**Task objective:**
Taking the data below, please print only the lines from the line holding "Mirage Knitted Jacquard" to the line holding "You are purchasing", inclusive, with pictures omitted.

**Provided data:**
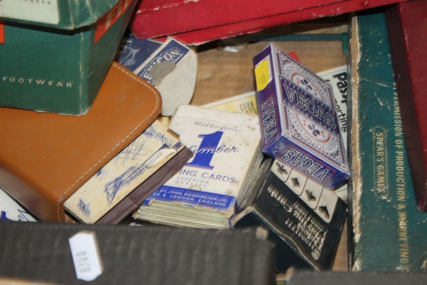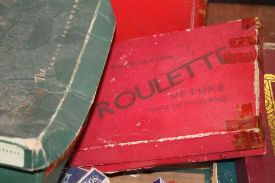 A QUANTITY OF PLAYING CARDS AND GAMES TO INCLUDE ROULETTE, CHESS, PART MONOPOLY SETAND TRAVEL
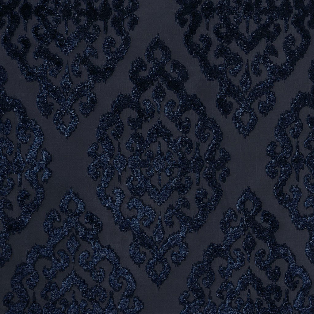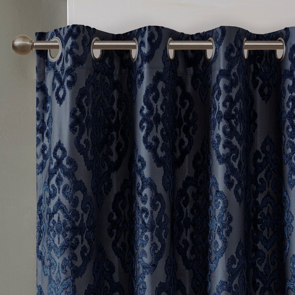 Mirage Knitted Jacquard Damask Total Blackout Grommet Top Curtain Panel - Navy - 108" Panel
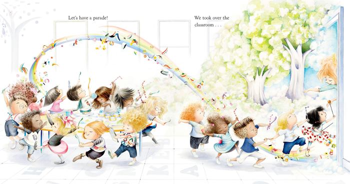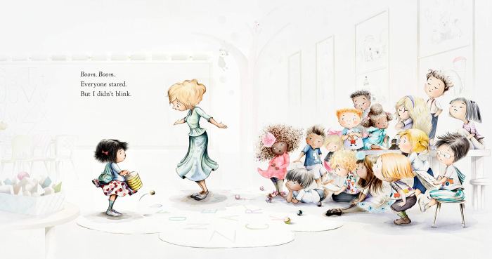 Mais il y a quelque chose de bien plus universel que tout ça ! Danbi commence à tapoter ses baguettes. Suivie par tous les autres enfants, la classe se transforme en véritable boite à musique menant à une parade dans la cour. C’est ainsi que Danbi se fait sa première amie, Nelly, qui va lui montrer comment écrire son nom en lettre toute ronde, et non en belles lignes droites.
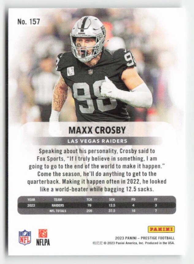 You are purchasing a 2023 Panini Prestige Maxx Crosby #157. You will receive the exact item in the photographs. Thank you for looking.
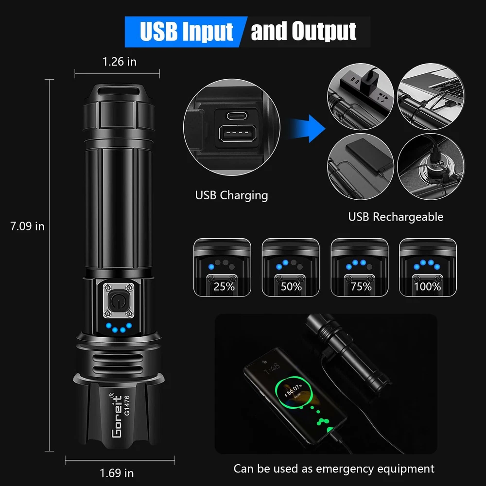 【990,000 LUMEN LED FLASHLIGHT】: flashlights high lumens utilizes upgraded XHP70.2 LED, which is stable and super bright and provides an incredibly powerful lighting, 10 times brighter than other normal led flashlights. A 120 square meter room can be illuminated without any problems, you can also focus on objects up to 1640FT away. This flashlights high lumens rechargeable is an ideal gift for mate, family, friends,colleagues, etc. 【USB RECHARGEABLE FLASHLIGHT & LONG WORKING TIME & POWER INDICATOR】: This rechargeable flashlight has been completely improved to shorten the charging time and extend the service life, which can provide up to 12 hours (Low mode) of powerful, non-diminishing brightness. Built-in USB charging interface, flash light can be charged through socket and laptop, convenient for indoor and outdoor charging. The LED display shows the power level exactly(25%, 50%, 75%, 100%). 【WATER RESISTANT & HEAVY DUTY FLASHLIGHT】: This IP67 waterproof flashlight is developed for rough handling and can withstand a fall of 5m or be temporarily submerged under water. This bright flashlight can even be frozen, run over by a truck, and it still works! Suitable for use in rain, snow, or emergency situations. The high powered flashlight made of aerospace grade aluminum can protect the convex lens from damage, and in emergencies it can also be used for Self-protection. 【ADJUSTABLE FOCUS & 5 LIGHT MODES】: This handheld flashlights has 5 lighting modes: High-Medium-Low-Strobe-SOS. You can turn off the rechargeable flashlights by long pressing the buttons for 3s in any mode. Depending on your needs, you can stretch the head of the flashlight to adjust the focus, freely choose the spotlight for remote viewing and the floodlight for large-area lighting. It is ideal for camping, hiking, climing, running, night walking, emergencies or the general household use. 【EXCEPTIONAL VALUE & BUY WITH CONFIDENCE】: Package contents: 1x super bright flashlight rechargeable with charging cable, 3x AAA Alkaline battery, 1x flashlight holster, 1x gift box and user manual. We have carefully checked all items before shipping and make sure the product is working properly, if you have any questions please contact our great customer service for a best solution within 24 hours.

**Task result:**
 Mirage Knitted Jacquard Damask Total Blackout Grommet Top Curtain Panel - Navy - 108" Panel
 Mais il y a quelque chose de bien plus universel que tout ça ! Danbi commence à tapoter ses baguettes. Suivie par tous les autres enfants, la classe se transforme en véritable boite à musique menant à une parade dans la cour. C’est ainsi que Danbi se fait sa première amie, Nelly, qui va lui montrer comment écrire son nom en lettre toute ronde, et non en belles lignes droites.
 You are purchasing a 2023 Panini Prestige Maxx Crosby #157. You will receive the exact item in the photographs. Thank you for looking.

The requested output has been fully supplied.